シーケンスアラインメントとは?
定義
塩基配列間の類似度に基づいて並べることをシーケンスアライメントsequence Alignmentという。
Description
In bioinformatics, since genomes are extremely long, even digitalizing them is a huge task. Ideally, we would like to store information by reading from the upstream to the downstream of DNA like polymerase, but realistically, that is not possible. Therefore, we need to obtain many short base sequences called Reads and concatenate them. During this process, it is necessary to identify overlapping parts at the ends of these sequences, and thus Sequence Alignment is performed.
Even though this process might seem doubtful at first glance, it is surprisingly accurate. For instance, imagine that the ends of two reads match exactly in 4 places as shown in ${\color{red}AATC}$: $$ ATCGCC {\color{red}AATC} \\ {\color{red}AATC} TATTC $$ Thinking very simply, the chance of four bases coincidentally matching is one in $4^{4} = 256$ possibilities, and with a probability distribution, we can also verify how certain this match is through hypothesis testing. With just four matching bases, one could argue it is quite reliable. Of course, there are mistakes with this method, so more reads are sequenced to compensate, and the long sequence created this way is called a Consensus Sequence. In fact, NGS (Next Generation Sequence) data provides the bases at each position and the probability of those bases being accurate. Once a consensus sequence is created, it’s easier to compare with other entities, hence in the context of sequence alignment, it is also called a Reference Sequence, and the compared sequence is called a Query Sequence.

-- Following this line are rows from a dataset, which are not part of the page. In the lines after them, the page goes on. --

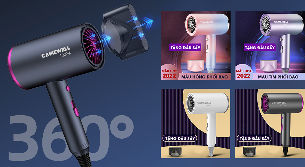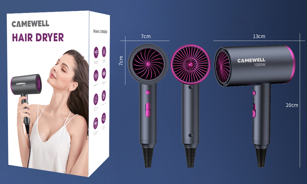 Máy sấy tóc mini CameWell công suất lớn 1000W tạo kiểu tóc chuyên nghiệp 2 chiều nóng lạnh CW02HD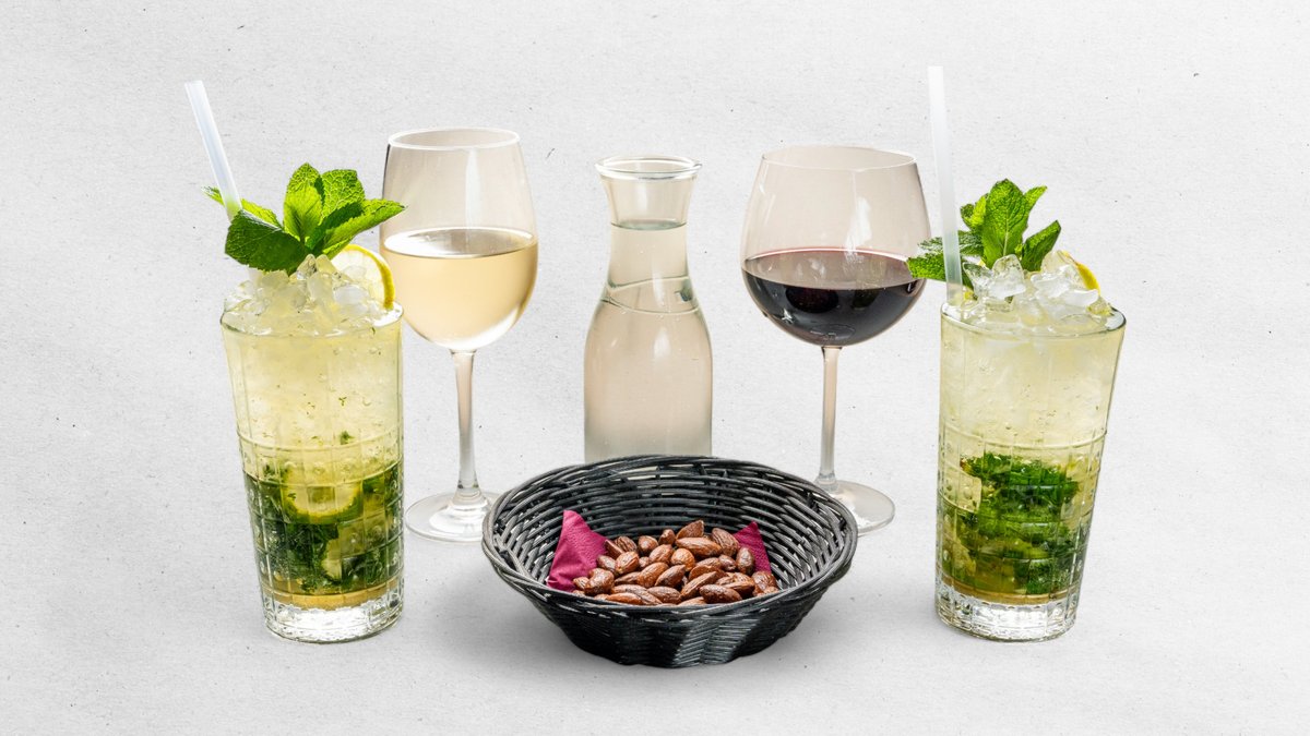 Lahev vína dle výběru (Chardonnay, Pinot Grigio, Merlot) + soda 0,5l + 2x Mojito, Mandle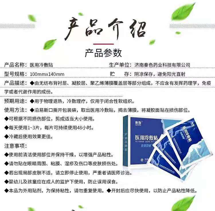 醫(yī)用冷敷貼OEM|醫(yī)用冷敷貼代加工貼牌廠家主要是由薄荷、水與壓敏膠制作而成的高分子凝膠,涂敷在無(wú)紡布上,外有防粘層制成的外用貼劑。秦魯藥業(yè)科技有限公司的醫(yī)用冷敷貼OEM加工貼牌廠家適用于人體的局部物理降溫,起到冷敷治療緩解局部疼痛,提神醒腦的作用。

Sequence alignments can be broadly divided into Pairwise Sequence Alignment, which compares two sequences for similarity, and Multiple Sequence Alignment, which compares several sequences. Pairwise Sequence Alignment can be further divided as follows:
- Global Alignment: Finds the alignment that maximizes the number of common parts between two sequences.

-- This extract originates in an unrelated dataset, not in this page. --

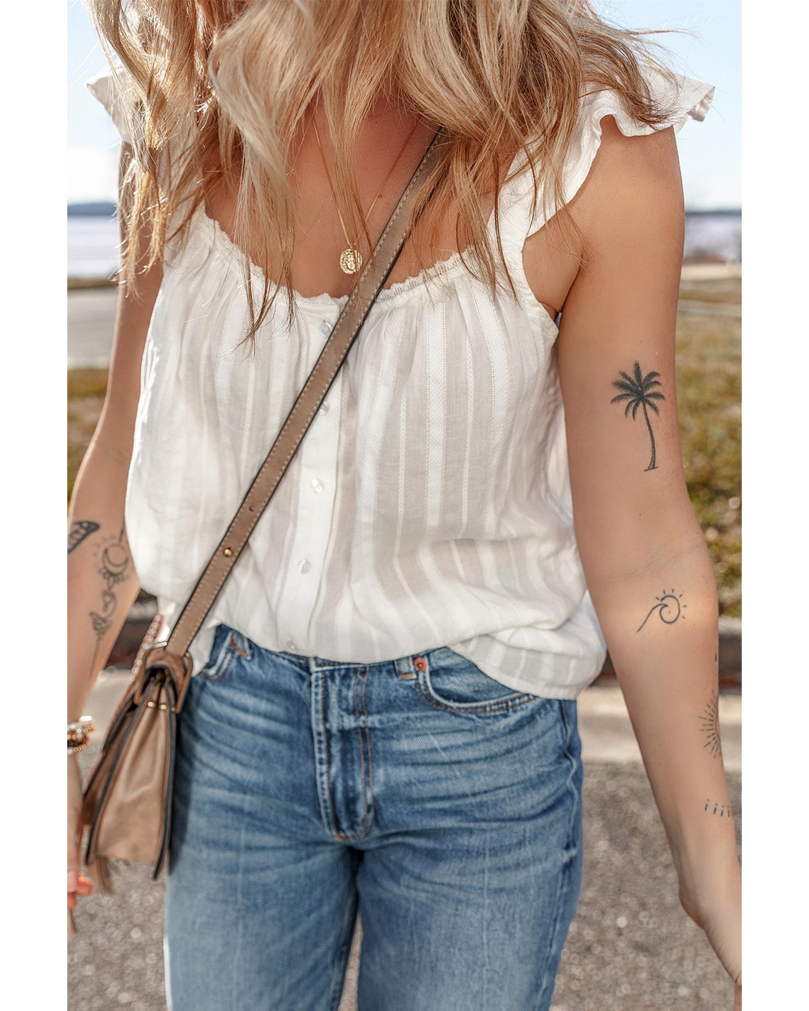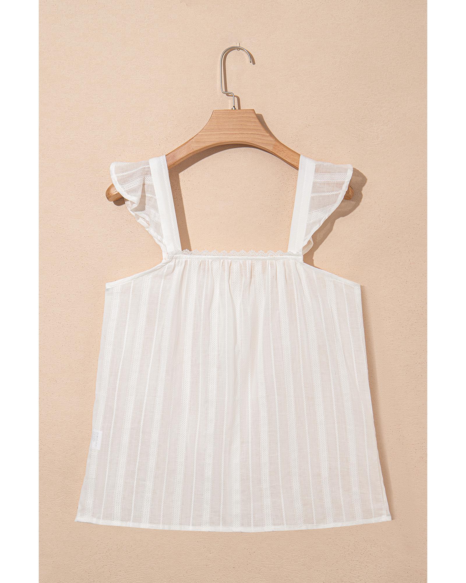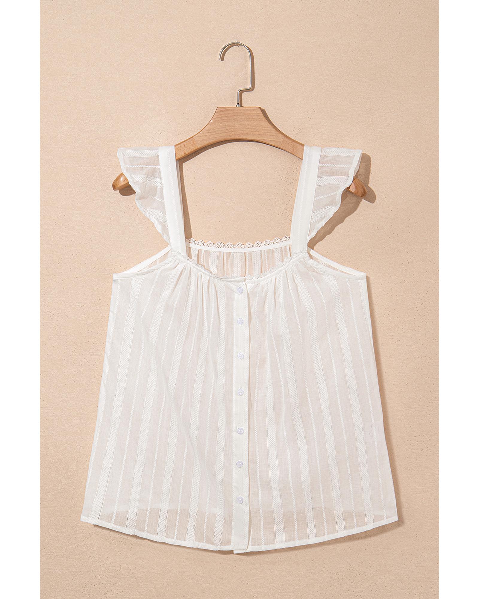 White Lace Crochet Ruffled Buttoned Loose Fit Tank Top – L

- Semi-global Alignment: Finds the most similar part of the query sequence in the reference sequence.
- Local Alignment: Finds the most similar parts among the two sequences. Naively, since sequence alignment requires a tremendous amount of computation, algorithms utilizing dynamic programming have been developed. The representative algorithms for global and local alignments are, respectively, Needleman-Wunsch Alignment and Smith-Waterman Alignment.